Y las mujeres protagonistas son, además, justamente eso, protagonistas, tienen deseos propios, tratan de conducir sus propias trayectorias, no son satélites que giran alrededor de la omnipotencia masculina. En este sentido, no hay más que comprobar cómo las vemos, por ejemplo, dueñas y señoras de su sexualidad, llevando la voz cantante cuando se trata de follar, dejándose llevar por impulsos y calenturas, viviendo el placer en soledad o en la compañía más variopinta que podamos imaginar. Y lo subrayo porque todavía sigue siendo poco habitual ver en las pantallas a mujeres que no existan en función de los deseos masculinos. Las interpretaciones impecables de la propia Dolera, de Cecilia Freijeiro y de Aixa Villagrán logran el milagro de que sintamos encarnadas en sus cuerpos las ansias de infinitud chocando con los barrotes de la jaula.

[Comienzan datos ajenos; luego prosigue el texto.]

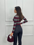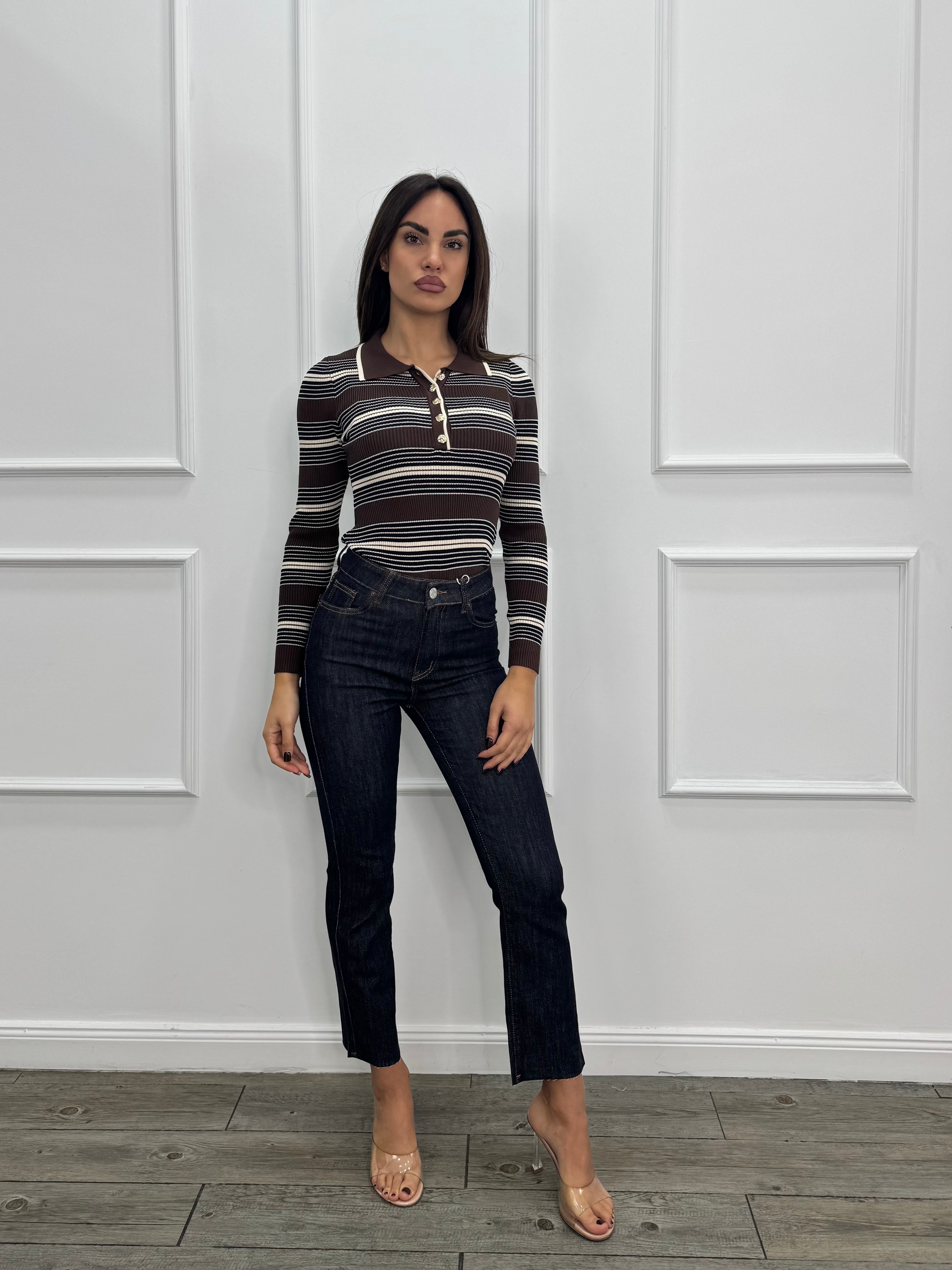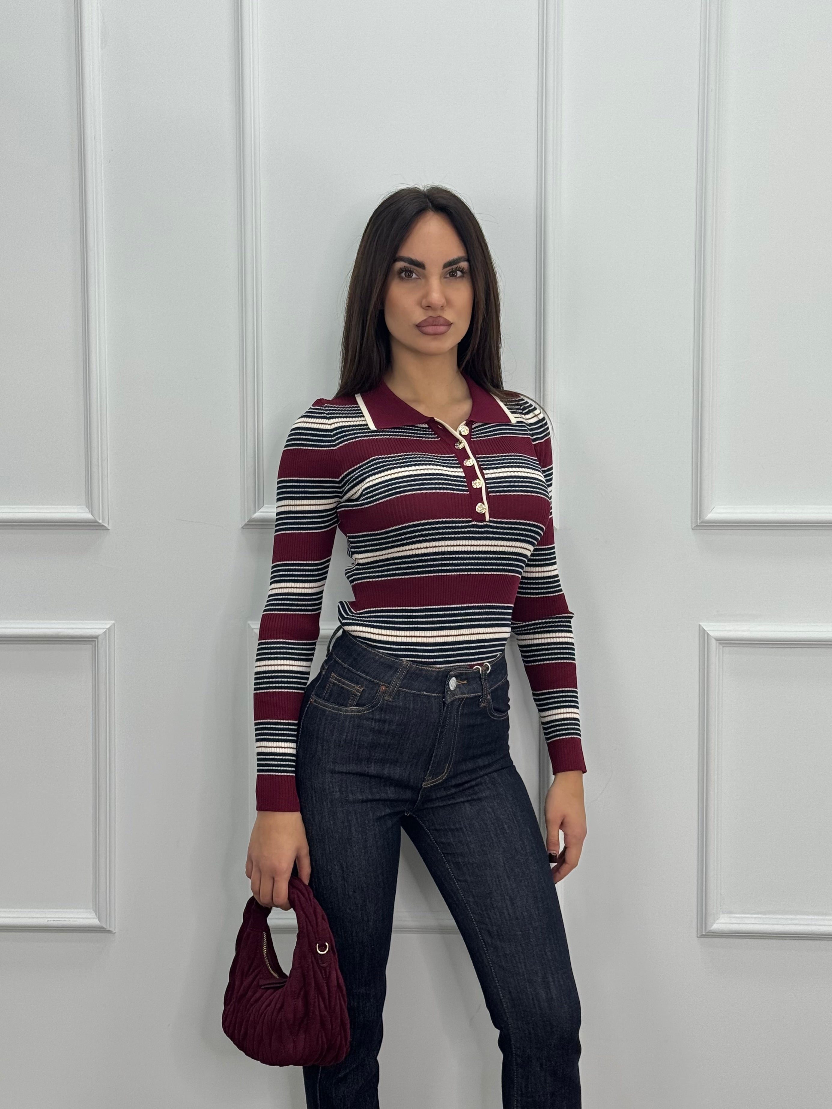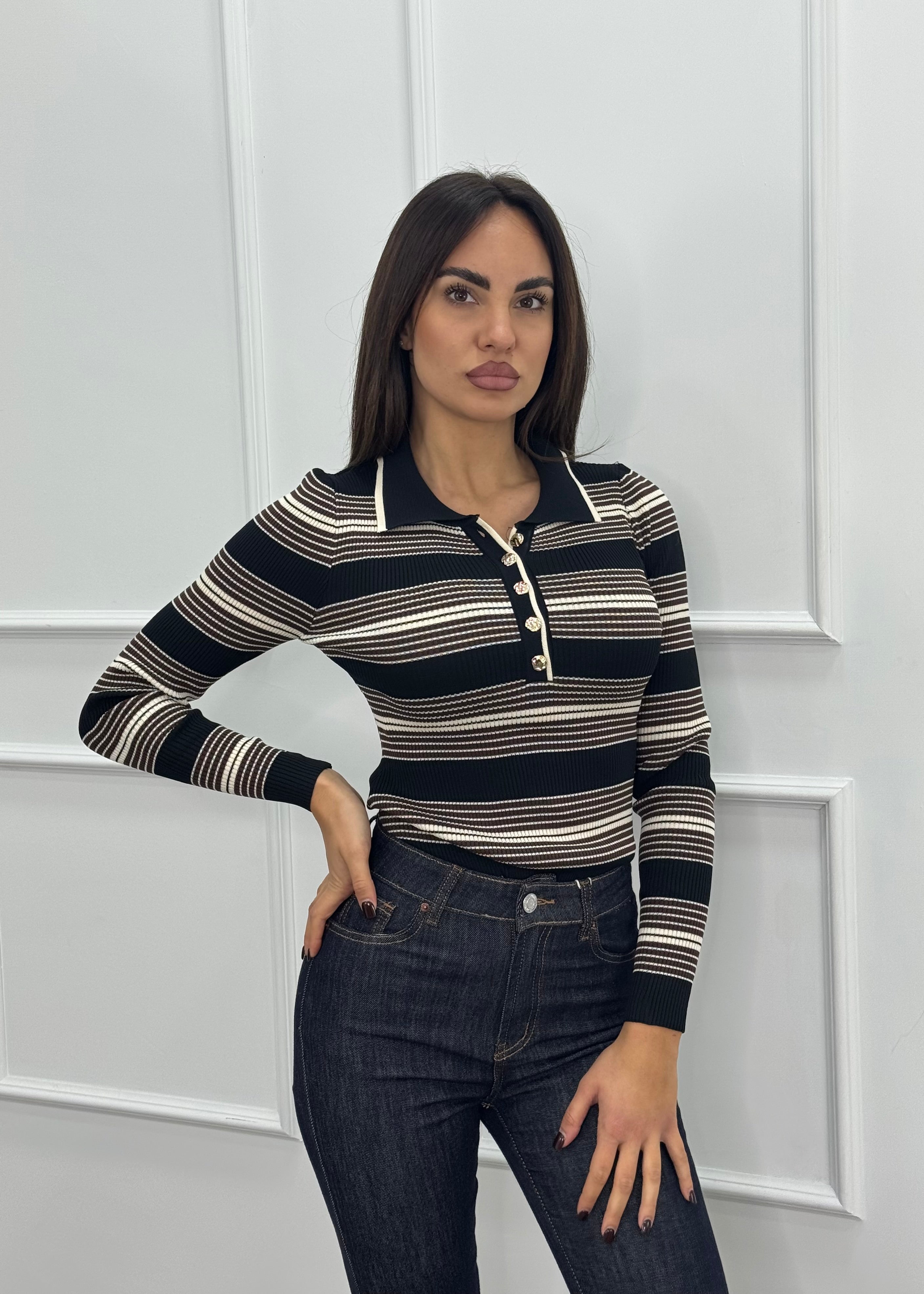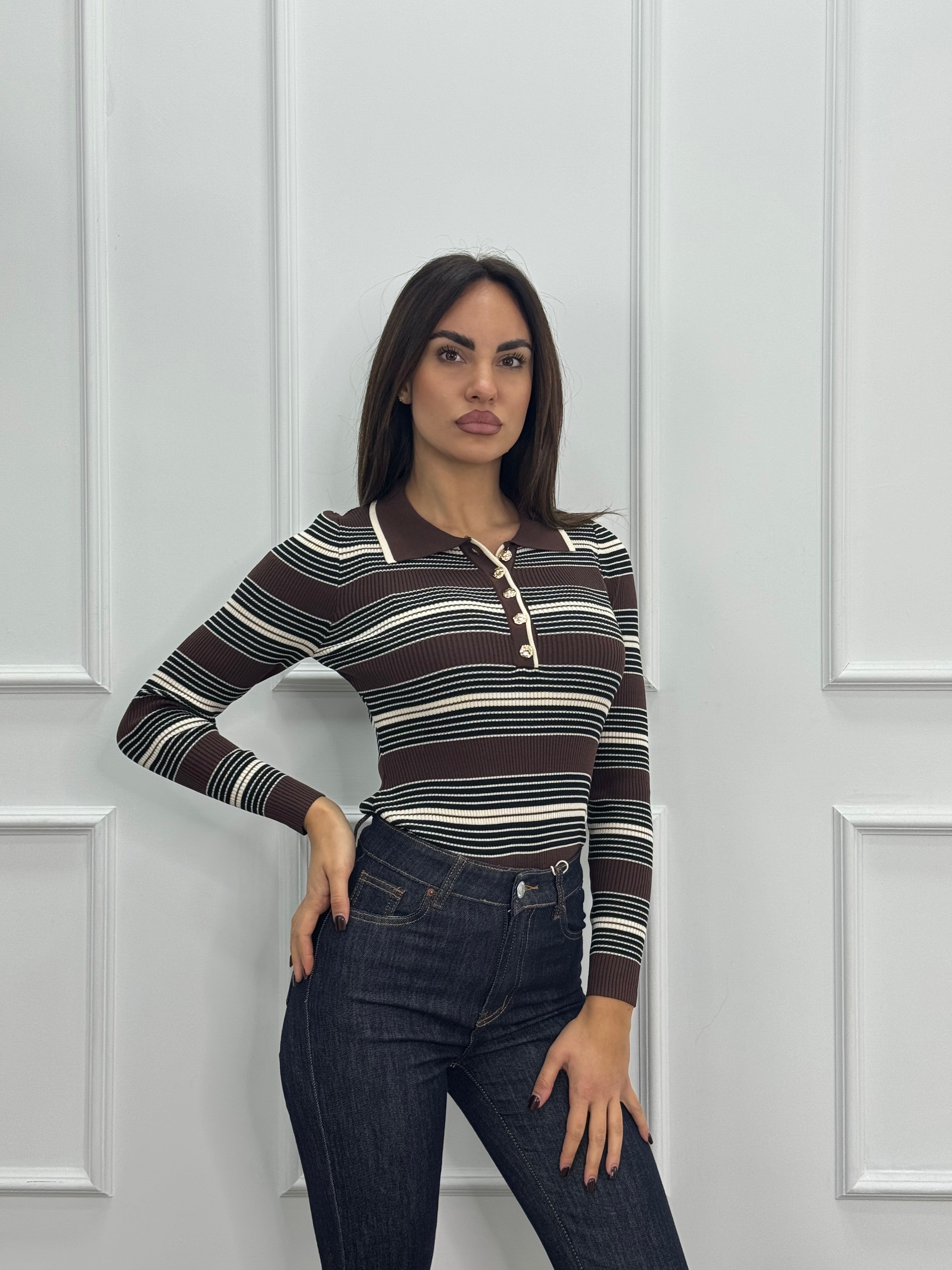 Body a righe in costine con colletto polo e bottoni sul davanti.

Al igual que en su primer largometraje, Requisitos para ser una persona normal, lo que Leticia Dolera vuelve a plantearnos, sin renunciar al humor y sumando siempre la energía positiva que suponen los afectos, es toda una lección sobre la radical imperfección que nos define y, por tanto, sobre la extrema vulnerabilidad con la que nos movemos por la vida. Es eso justamente los que nos convierte a todas y a todos en seres con capacidades limitadas, muy lejanos de los héroes y de las heroínas con que el mercado trata de convencernos de que la felicidad es posible.
Lo cierto es que la frágil felicidad que podemos ir construyendo, siempre en precario, tiene mucho más que ver con las capacidades que nos muestra el personaje de Gari que con las que creemos disfrutar quienes ocupamos cátedras, bufés de abogados o consultas médicas. La impresionante interpretación de Enric Auquer consigue que miremos a ese hombre de capacidades diversas no desde la compasión sino desde la empatía que provoca el reconocimiento. Gari representa desde muchos puntos de vista el hombre que deberíamos ser. De la misma manera que la escena final de la serie, que entiendo que es solo un punto y aparte, nos abre la puerta a otro mundo posible en el que la sororidad y la ruptura de los estrechos márgenes que nos autoimponemos pueden acercarnos a una vida libre de cautiverios. La quebradiza y contradictoria vida desde la que Esther podrá seguir creando, Cris liberándose de las puñetas de abogada y Mary comiendo sandía caliente en la playa y siendo una madre imperfecta. Y Juanito, claro, tan feliz.